--- THE DATA ---
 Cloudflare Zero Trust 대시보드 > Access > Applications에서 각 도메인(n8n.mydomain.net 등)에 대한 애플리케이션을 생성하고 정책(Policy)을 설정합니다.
---
--- THE DATA ---
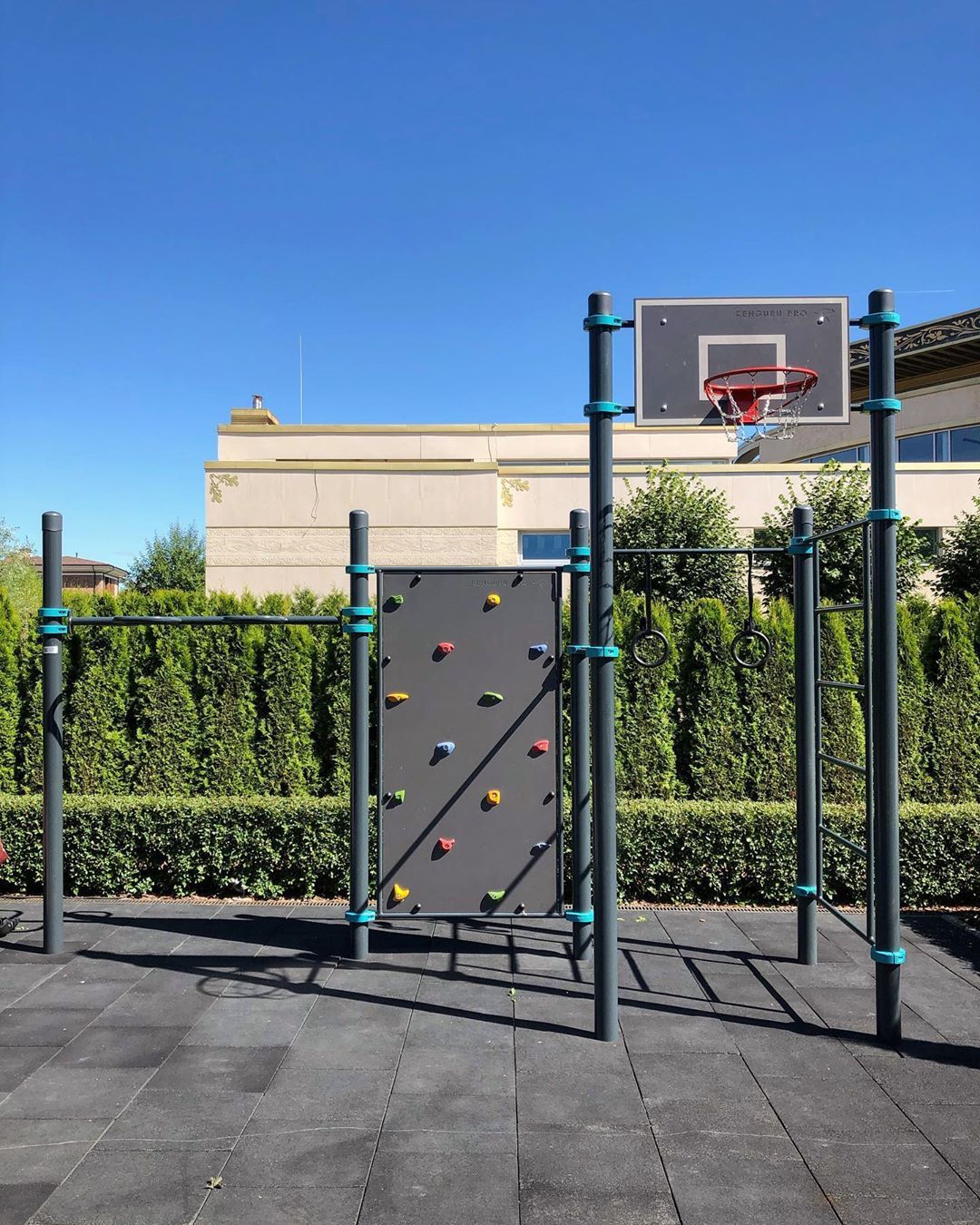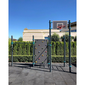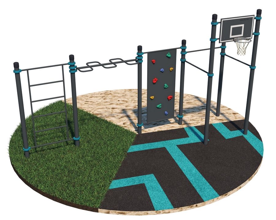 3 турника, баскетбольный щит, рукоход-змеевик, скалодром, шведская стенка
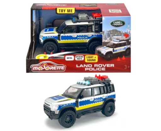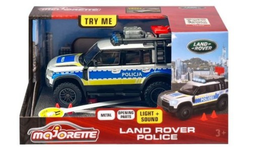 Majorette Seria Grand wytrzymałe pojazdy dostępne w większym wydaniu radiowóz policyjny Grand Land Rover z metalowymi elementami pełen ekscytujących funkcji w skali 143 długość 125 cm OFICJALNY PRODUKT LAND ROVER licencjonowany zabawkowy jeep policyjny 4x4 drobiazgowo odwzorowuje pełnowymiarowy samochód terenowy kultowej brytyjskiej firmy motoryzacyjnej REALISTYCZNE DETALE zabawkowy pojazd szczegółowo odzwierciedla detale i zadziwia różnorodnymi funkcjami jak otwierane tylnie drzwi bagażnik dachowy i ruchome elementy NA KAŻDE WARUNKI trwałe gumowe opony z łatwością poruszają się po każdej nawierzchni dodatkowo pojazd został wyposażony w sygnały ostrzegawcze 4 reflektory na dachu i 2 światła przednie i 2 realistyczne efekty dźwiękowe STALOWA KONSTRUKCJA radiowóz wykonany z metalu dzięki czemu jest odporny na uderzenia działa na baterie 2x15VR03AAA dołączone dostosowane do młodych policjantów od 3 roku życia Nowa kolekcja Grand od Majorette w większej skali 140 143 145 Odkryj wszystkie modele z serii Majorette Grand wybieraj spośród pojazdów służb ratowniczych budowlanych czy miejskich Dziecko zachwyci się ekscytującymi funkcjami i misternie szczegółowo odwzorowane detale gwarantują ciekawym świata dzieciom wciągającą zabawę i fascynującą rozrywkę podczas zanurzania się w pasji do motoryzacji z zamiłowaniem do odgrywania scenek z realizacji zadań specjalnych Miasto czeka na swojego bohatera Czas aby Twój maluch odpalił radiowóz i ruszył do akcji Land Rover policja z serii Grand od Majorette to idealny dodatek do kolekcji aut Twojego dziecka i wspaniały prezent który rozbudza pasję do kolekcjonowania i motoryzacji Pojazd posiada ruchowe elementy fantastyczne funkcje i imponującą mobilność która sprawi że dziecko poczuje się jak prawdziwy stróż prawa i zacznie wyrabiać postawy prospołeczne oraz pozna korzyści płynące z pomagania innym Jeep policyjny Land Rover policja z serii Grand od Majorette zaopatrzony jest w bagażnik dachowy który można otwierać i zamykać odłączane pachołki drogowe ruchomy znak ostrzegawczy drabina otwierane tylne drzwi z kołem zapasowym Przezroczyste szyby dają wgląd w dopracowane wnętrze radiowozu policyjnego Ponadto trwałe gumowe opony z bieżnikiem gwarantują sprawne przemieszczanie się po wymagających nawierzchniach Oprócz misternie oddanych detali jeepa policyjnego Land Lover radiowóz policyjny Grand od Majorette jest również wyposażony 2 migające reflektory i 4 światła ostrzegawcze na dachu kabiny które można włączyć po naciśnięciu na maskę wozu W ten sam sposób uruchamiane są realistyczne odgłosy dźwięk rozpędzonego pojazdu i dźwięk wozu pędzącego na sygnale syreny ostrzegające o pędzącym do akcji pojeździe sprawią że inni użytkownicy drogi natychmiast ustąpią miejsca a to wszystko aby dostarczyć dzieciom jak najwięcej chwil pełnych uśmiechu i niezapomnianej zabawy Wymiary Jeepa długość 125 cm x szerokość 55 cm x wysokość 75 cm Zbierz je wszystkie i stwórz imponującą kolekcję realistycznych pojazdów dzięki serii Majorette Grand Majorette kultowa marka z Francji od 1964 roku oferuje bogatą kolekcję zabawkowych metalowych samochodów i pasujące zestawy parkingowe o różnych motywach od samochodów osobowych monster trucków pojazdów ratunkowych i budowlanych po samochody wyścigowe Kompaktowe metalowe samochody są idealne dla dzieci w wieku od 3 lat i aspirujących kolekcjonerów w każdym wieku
---
--- THE DATA ---
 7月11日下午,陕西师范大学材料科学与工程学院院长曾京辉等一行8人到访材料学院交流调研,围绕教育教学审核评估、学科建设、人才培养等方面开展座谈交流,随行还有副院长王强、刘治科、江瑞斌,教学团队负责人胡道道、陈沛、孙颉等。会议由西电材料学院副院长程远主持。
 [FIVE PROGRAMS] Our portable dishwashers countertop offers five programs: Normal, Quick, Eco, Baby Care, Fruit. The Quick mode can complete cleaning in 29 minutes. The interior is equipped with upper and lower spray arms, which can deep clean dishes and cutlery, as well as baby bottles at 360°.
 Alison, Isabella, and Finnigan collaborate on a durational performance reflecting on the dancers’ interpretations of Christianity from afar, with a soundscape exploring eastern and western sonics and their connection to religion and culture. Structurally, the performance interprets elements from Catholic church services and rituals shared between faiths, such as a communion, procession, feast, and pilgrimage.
---
YOUR TASK: If a line of the entries above includes the word "with", count it; then state the total and nothing else.

SOLUTION BELOW: 2